# Task item
Set down the entries below once more, precisely as they stand.

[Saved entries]
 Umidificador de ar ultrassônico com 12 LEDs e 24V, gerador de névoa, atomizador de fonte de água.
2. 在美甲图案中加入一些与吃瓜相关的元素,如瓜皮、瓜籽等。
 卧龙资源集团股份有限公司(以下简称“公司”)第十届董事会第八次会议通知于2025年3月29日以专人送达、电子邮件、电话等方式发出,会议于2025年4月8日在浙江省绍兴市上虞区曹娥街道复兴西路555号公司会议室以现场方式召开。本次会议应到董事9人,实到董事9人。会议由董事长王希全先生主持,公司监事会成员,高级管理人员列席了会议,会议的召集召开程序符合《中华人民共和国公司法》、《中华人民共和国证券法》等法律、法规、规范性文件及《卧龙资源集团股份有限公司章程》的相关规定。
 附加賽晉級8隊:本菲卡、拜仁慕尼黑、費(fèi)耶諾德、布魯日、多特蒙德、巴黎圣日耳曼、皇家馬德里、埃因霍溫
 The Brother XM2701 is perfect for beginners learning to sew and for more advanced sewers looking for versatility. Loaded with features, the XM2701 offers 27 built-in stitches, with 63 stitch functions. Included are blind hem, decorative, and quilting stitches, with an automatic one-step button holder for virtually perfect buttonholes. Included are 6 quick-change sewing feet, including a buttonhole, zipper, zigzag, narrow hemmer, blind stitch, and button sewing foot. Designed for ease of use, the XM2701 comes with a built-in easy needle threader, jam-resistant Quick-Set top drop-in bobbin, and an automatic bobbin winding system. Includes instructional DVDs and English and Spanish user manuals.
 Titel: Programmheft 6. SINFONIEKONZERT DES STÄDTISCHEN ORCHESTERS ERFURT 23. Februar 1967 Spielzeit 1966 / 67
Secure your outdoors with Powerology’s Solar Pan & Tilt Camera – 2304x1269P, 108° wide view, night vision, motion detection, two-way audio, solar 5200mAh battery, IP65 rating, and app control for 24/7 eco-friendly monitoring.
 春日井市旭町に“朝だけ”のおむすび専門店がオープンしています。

# Task output
 Umidificador de ar ultrassônico com 12 LEDs e 24V, gerador de névoa, atomizador de fonte de água.
2. 在美甲图案中加入一些与吃瓜相关的元素,如瓜皮、瓜籽等。
 卧龙资源集团股份有限公司(以下简称“公司”)第十届董事会第八次会议通知于2025年3月29日以专人送达、电子邮件、电话等方式发出,会议于2025年4月8日在浙江省绍兴市上虞区曹娥街道复兴西路555号公司会议室以现场方式召开。本次会议应到董事9人,实到董事9人。会议由董事长王希全先生主持,公司监事会成员,高级管理人员列席了会议,会议的召集召开程序符合《中华人民共和国公司法》、《中华人民共和国证券法》等法律、法规、规范性文件及《卧龙资源集团股份有限公司章程》的相关规定。
 附加賽晉級8隊:本菲卡、拜仁慕尼黑、費(fèi)耶諾德、布魯日、多特蒙德、巴黎圣日耳曼、皇家馬德里、埃因霍溫
 The Brother XM2701 is perfect for beginners learning to sew and for more advanced sewers looking for versatility. Loaded with features, the XM2701 offers 27 built-in stitches, with 63 stitch functions. Included are blind hem, decorative, and quilting stitches, with an automatic one-step button holder for virtually perfect buttonholes. Included are 6 quick-change sewing feet, including a buttonhole, zipper, zigzag, narrow hemmer, blind stitch, and button sewing foot. Designed for ease of use, the XM2701 comes with a built-in easy needle threader, jam-resistant Quick-Set top drop-in bobbin, and an automatic bobbin winding system. Includes instructional DVDs and English and Spanish user manuals.
 Titel: Programmheft 6. SINFONIEKONZERT DES STÄDTISCHEN ORCHESTERS ERFURT 23. Februar 1967 Spielzeit 1966 / 67
Secure your outdoors with Powerology’s Solar Pan & Tilt Camera – 2304x1269P, 108° wide view, night vision, motion detection, two-way audio, solar 5200mAh battery, IP65 rating, and app control for 24/7 eco-friendly monitoring.
 春日井市旭町に“朝だけ”のおむすび専門店がオープンしています。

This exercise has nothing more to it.